■ Record set
▼
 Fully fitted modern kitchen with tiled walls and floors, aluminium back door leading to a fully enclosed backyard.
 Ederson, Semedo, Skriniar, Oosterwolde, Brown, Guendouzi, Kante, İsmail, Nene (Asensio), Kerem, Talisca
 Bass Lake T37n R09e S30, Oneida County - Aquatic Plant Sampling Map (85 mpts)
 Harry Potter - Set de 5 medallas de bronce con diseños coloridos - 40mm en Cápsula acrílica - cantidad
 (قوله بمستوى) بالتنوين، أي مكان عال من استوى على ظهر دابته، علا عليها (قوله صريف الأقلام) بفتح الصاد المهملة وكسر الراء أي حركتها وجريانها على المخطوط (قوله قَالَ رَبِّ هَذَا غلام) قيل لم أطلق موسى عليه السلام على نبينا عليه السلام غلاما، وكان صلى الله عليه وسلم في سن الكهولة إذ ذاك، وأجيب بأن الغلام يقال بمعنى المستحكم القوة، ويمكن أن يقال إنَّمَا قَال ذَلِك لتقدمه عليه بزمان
▲
▼
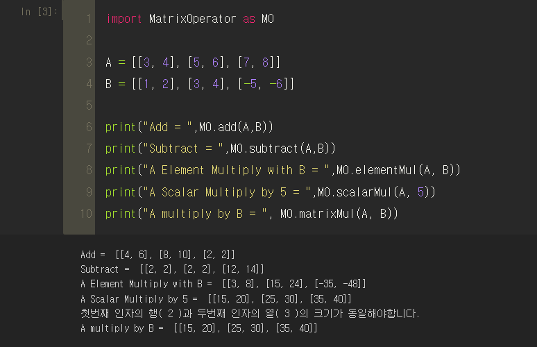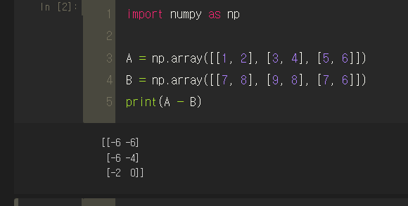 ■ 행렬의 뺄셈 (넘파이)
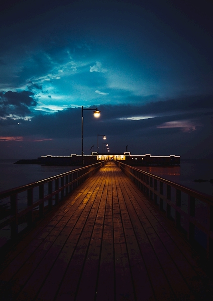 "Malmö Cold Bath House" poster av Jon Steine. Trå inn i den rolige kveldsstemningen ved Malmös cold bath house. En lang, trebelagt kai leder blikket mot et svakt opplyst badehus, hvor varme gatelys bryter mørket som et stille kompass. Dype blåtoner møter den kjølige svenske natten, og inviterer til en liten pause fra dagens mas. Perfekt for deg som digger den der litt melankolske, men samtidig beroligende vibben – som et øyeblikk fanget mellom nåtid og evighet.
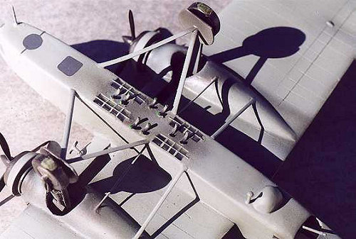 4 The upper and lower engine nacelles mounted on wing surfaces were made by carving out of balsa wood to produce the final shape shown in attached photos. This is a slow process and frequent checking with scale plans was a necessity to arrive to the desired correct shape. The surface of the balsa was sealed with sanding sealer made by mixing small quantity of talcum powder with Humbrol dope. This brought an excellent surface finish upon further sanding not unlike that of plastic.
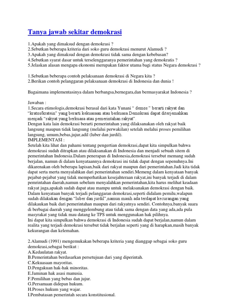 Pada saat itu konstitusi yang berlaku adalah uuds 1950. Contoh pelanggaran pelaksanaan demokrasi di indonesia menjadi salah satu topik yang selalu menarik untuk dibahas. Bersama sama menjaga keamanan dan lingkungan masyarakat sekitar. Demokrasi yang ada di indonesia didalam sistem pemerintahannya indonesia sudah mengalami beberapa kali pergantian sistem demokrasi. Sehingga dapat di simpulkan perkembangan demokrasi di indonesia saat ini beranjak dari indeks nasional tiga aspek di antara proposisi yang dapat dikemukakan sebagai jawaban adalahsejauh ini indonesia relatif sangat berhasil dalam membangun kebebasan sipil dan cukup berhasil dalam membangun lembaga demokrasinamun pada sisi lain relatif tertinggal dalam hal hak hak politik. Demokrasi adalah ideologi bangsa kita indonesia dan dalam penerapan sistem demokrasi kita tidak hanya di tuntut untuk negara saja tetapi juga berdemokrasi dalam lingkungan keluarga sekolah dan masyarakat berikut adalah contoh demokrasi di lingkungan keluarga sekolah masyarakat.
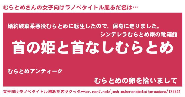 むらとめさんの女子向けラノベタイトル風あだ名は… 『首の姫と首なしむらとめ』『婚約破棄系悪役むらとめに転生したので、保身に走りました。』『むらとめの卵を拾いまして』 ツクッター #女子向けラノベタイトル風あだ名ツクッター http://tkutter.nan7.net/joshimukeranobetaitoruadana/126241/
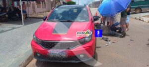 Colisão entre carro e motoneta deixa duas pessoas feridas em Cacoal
▲
▼
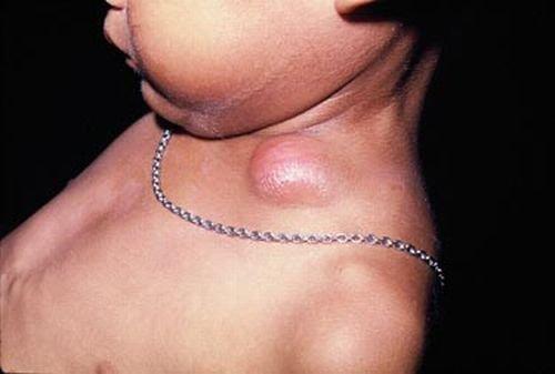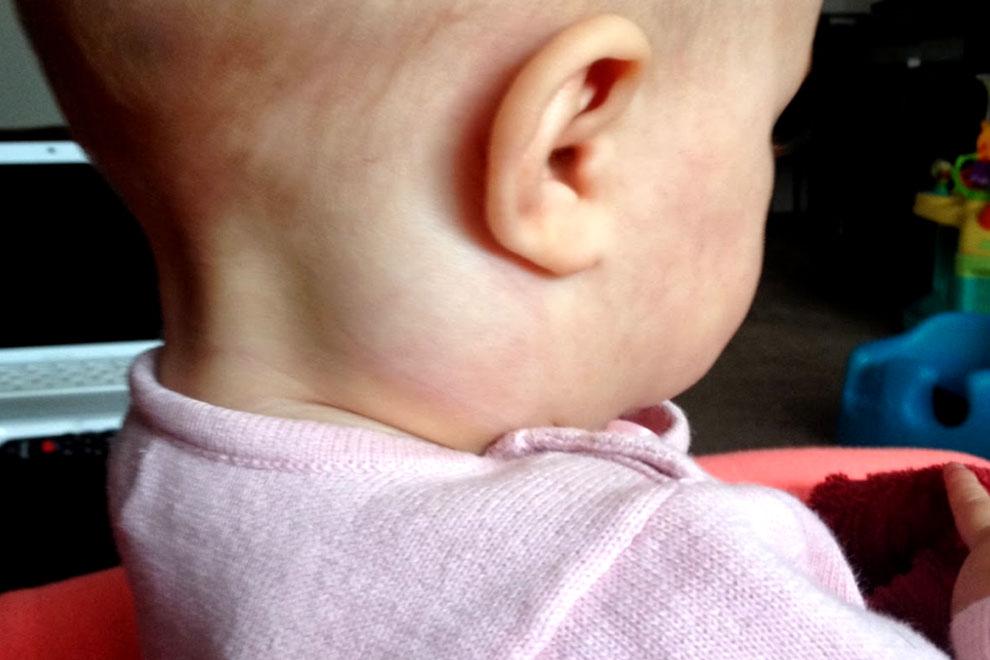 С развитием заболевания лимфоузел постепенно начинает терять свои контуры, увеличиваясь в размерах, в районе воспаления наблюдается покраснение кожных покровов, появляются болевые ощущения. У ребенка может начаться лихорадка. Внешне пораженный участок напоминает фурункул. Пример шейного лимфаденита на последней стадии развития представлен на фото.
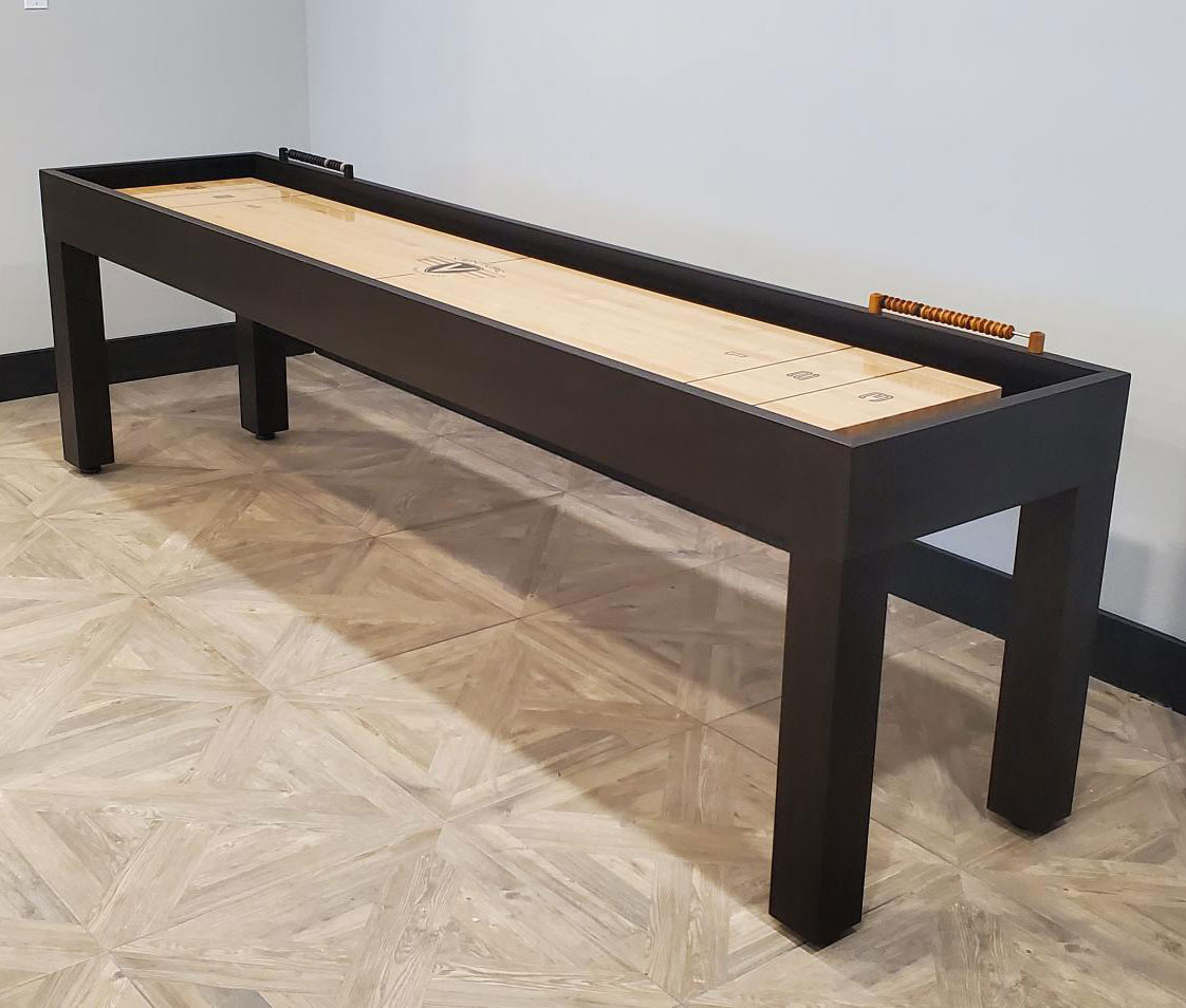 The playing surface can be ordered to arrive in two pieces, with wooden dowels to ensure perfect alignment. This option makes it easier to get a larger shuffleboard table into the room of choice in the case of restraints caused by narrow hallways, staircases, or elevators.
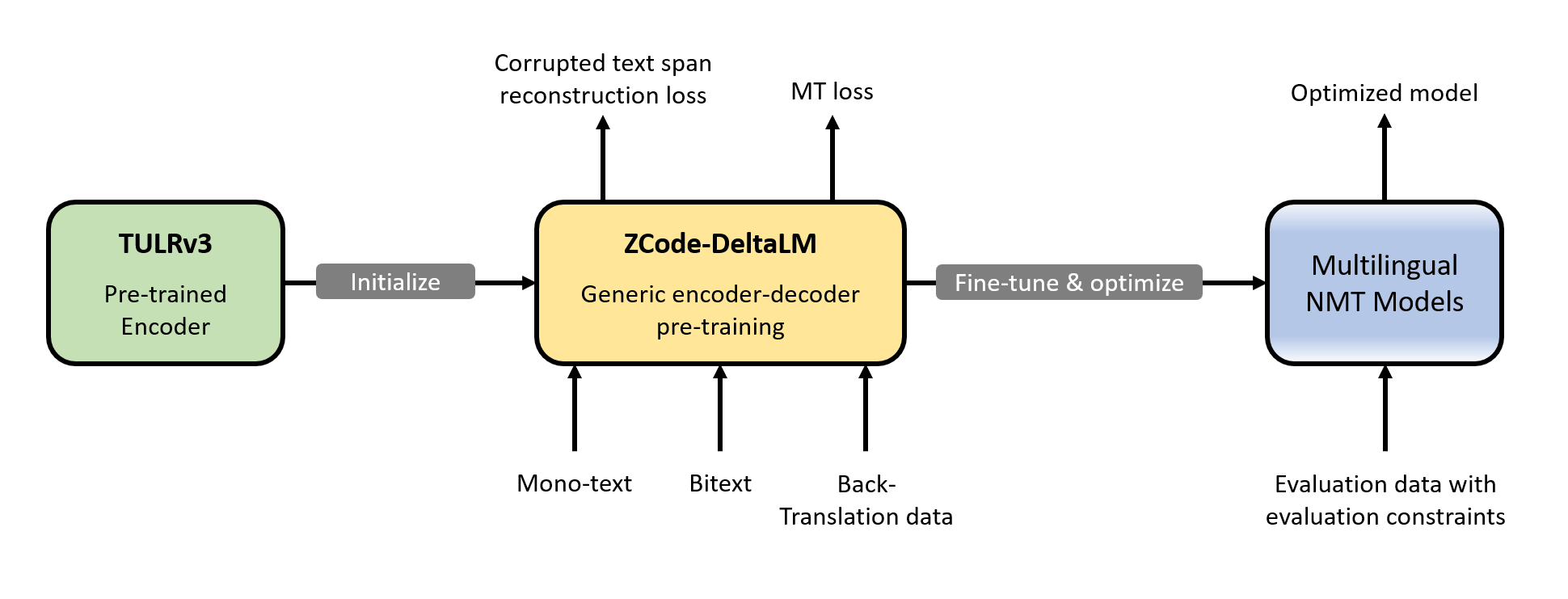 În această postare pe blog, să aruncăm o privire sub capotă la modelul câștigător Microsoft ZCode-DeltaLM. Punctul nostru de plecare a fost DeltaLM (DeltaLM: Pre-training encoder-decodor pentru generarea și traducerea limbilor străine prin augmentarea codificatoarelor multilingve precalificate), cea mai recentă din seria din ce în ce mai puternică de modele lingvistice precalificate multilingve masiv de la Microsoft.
▲
■ Problem to solve
Could you return exactly the lines above from the line with "Fully fitted modern" to the line with "(Asensio), Kerem, Talisca", both included, and nothing else?

■ Response area
 Fully fitted modern kitchen with tiled walls and floors, aluminium back door leading to a fully enclosed backyard.
 Ederson, Semedo, Skriniar, Oosterwolde, Brown, Guendouzi, Kante, İsmail, Nene (Asensio), Kerem, Talisca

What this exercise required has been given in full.